Beaudoin v. Sinodinos

48 N.E.2d 19, 313 Mass. 511, 1943 Mass. LEXIS 727
CourtMassachusetts Supreme Judicial Court
DecidedApril 1, 1943
StatusPublished
Cited by13 cases

This text of 48 N.E.2d 19 (Beaudoin v. Sinodinos) is published on Counsel Stack Legal Research, covering Massachusetts Supreme Judicial Court primary law. Counsel Stack provides free access to over 12 million legal documents including statutes, case law, regulations, and constitutions.

Bluebook
Beaudoin v. Sinodinos, 48 N.E.2d 19, 313 Mass. 511, 1943 Mass. LEXIS 727 (Mass. 1943).

Opinion

Dolan, J.

This is a bill in equity brought against the defendants John Sinodinos, the Chicopee Falls Savings Bank, and The Great Atlantic and Pacific Tea Company, by which the plaintiff seeks to compel the defendant Sinodinos to remove from certain land over which the plaintiff claims a right of way, a portion of a structure alleged to have been erected thereon by Sinodinos, and also prays for certain relief against the defendant The Great Atlantic and Pacific Tea Company.
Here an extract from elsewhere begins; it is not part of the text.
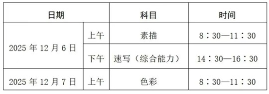 浙江省2026年高考美術(shù)與設(shè)計(jì)類省統(tǒng)考將于2025年12月6日—7日舉行。考生須帶齊必要證件,做好赴考準(zhǔn)備。一起來看考前提醒。
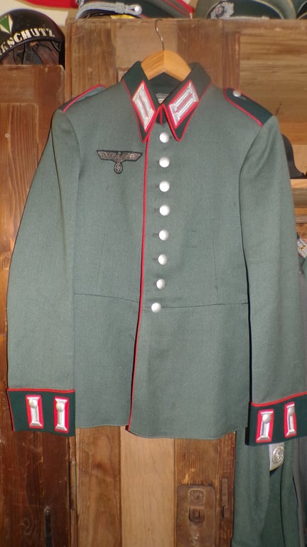 This is truly a stunning jacket in very good condition. A very nice tailor's label is still sewn in. There are two loops on the left breast for attaching a medal. Apart from the bird, I would call it mint. The photos speak for themselves. A nice addition to any collection.

The evidence is reported and the trial judge filed a statement of “Findings, Rulings and [513]*513Order for Decree,” and a final decree was entered by another judge of the Superior Court, dismissing the bill as to the defendant Chicopee Falls Savings Bank, commanding the defendant Sinodinos to remove from the parcel of land in question “the building as is therein constructed,” and permanently enjoining the defendants Sinodinos and The Great Atlantic and Pacific Tea Company from interfering with the plaintiff’s use of “Parcel Three as described in said Bill of Complaint, in accordance with the grants of rights of way.” Sinodinos alone appealed. He will be referred to hereinafter as the defendant.

Since the evidence is reported it is the duty of this court to decide the case upon its own judgment of the evidence, giving due weight to the findings of the trial judge, which will not be reversed unless plainly wrong. Tuells v. Flint, 283 Mass. 106, 108-109. Blair’s Foodland Inc. v. Shuman’s Foodland, Inc. 311 Mass. 172, 174, and cases cited.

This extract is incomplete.